Construction of the world’s largest radio telescope begins

(ORDO NEWS) — The interferometer, whose arms are spaced across different continents of the Earth, will be able to see the birth of the first stars in the Universe and notice the work of radars on a distant exoplanet, where there may be life.

The Square Kilometer Array ( SKA ) has been under development for about 30 years, and only now in Australia has construction begun on its “first stage” – an array of more than one hundred thousand SKA-Low antennas. Scientists call the future instrument one of the largest scientific projects of the century.

It will allow you to look into the earliest Universe, in the era when the first stars lit up in it and the first galaxies appeared, and perhaps it will help in the search for alien civilizations. This is described in a press release from the international consortium SKA Organization.

SKA is a radio interferometer , consisting of many antennas spaced as far as possible and acting as a single telescope with great resolution. The first part of the tool will be the SKA-Low array, which began construction in Western Australia a year late.
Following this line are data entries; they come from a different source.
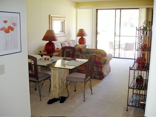 Fully furnished - 2 bedroom, 2 bathroom, single car garage, pull-out sofa-bed with approximately 1200 square feet of living space in a quiet, friendly complex with three sets of pools, spas, and tennis courts, mature fruit trees (lemon, grapefruit, orange) and large well maintained green spaces.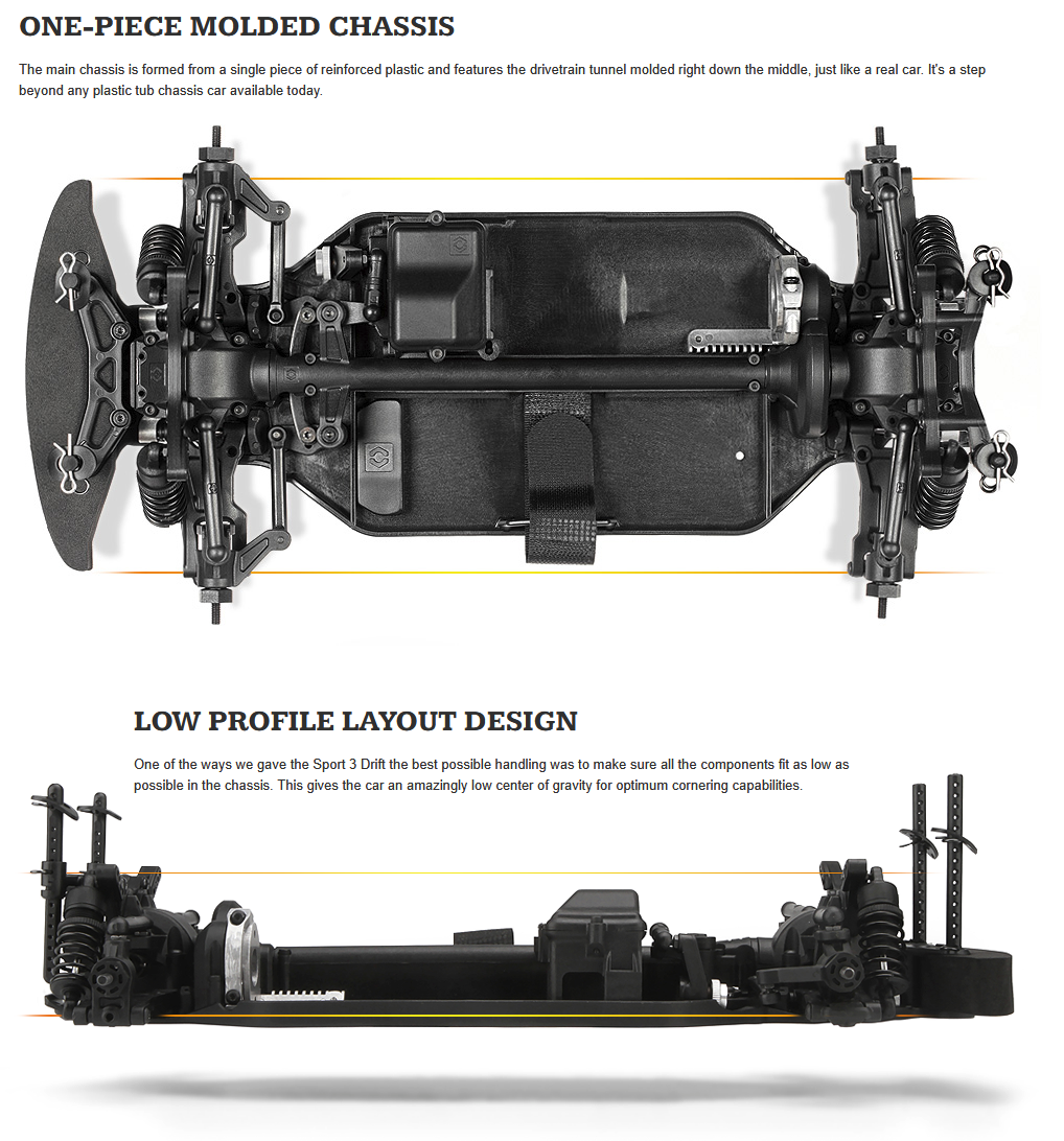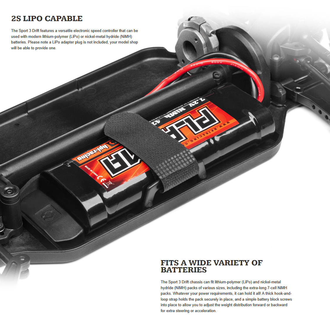 Under the hood, this 1/10th scale drift machine features the HPI Racing Sport 3 Touring Car chassis. With full-time shaft-driven 4WD, a fully sealed drivetrain, waterproof 2.4 GHz electronics and radio gear, independent double wishbone suspension, and adjustable oil-filled shocks, it’s ready to drift whenever you are!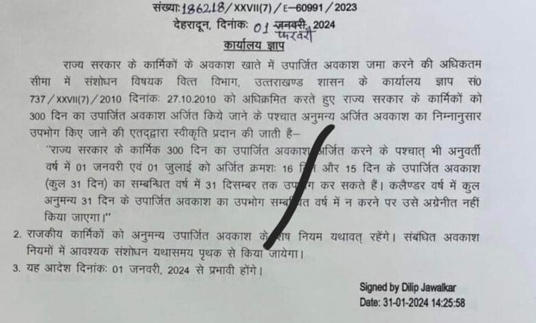 - वित्त विभाग के आदेश के अनुसार, राज्य के सरकारी कर्मचारियों को 300 उपार्जित अवकाश के अलावा अब सालभर के 31 उपार्जित अवकाश एक साथ मिल सकेंगे। सचिवालय संघ ने इस आदेश पर मुख्यमंत्री पुष्कर सिंह धामी, शासन के अफसरों का आभार जताया। इस आदेश का लाभ प्रदेशभर के सरकारी कर्मचारियों को मिलेगा।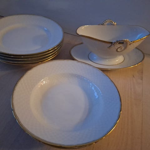 Stel bestående af 12 middagstallerkener, 10 frokosttallerkener og 12 dybe tallerkener, to sovsekander, en skål, to små tallerkener til smør eller lignende, en skål med låg og 6 serveringsfade i forskellig form og størrelse. Fejler intet. Sælges helst samlet. Giv et (realistisk) bud!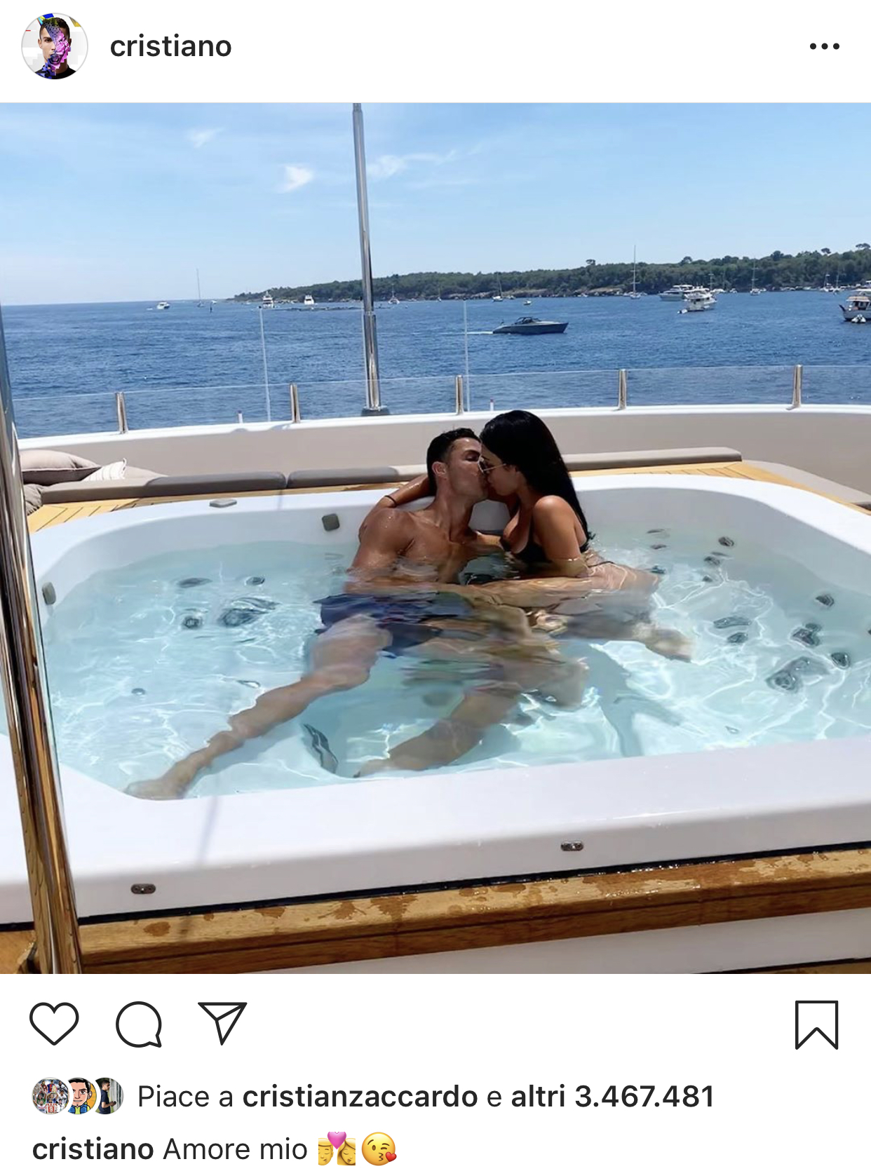 Il portoghese sta aggiornando quasi quotidianamente i suoi fans mostrando foto e video dallo stupendo yacht su cui ricaricando le batterie in vista della nuova stagione. CR7 naturalmente sta vivendo le sue vacanze in compagnia della famiglia, a partire dalla sua compagna Georgina Rodriguez con cui l’intesa è ai massimi livelli come dimostra la foto pubblicata su Instagram dal numero 7 bianconero che ha postato un’immagine che li ritrae in teneri atteggiamenti dentro una vasca idromassaggio commentata con un italianissimo: “Amore mio”.

It will include 131,072 tree antennas designed to detect low frequency radio signals. The second phase will be an array of nearly 200 SKA-Mid dish antennas located in South Africa. The headquarters of the SKA operates at the University of Manchester.

Construction of the worlds largest radio telescope begins 2
SKA-Mid antennas in Africa: artist’s view

It is expected that the instrument will allow the study of distant pulsars – rapidly rotating neutron stars that serve as sources of radiation and gravitational waves, in order to put the general theory of relativity to the next test.

Its ability to see the most distant objects will help to better understand the origin and evolution of the first galaxies and even look into the ” dark ages ” of the universe, which preceded the appearance of the first stars.

In addition, members of the SKA Organization consortium note that the sensitivity of the interferometer “will allow us to detect a radar at an airport on a planet near a star tens of light years away” or “a mobile phone in an astronaut’s pocket on Mars, 225 million kilometers away.”

This makes the SKA a promising tool for searching for a possible signal from extraterrestrial civilizations.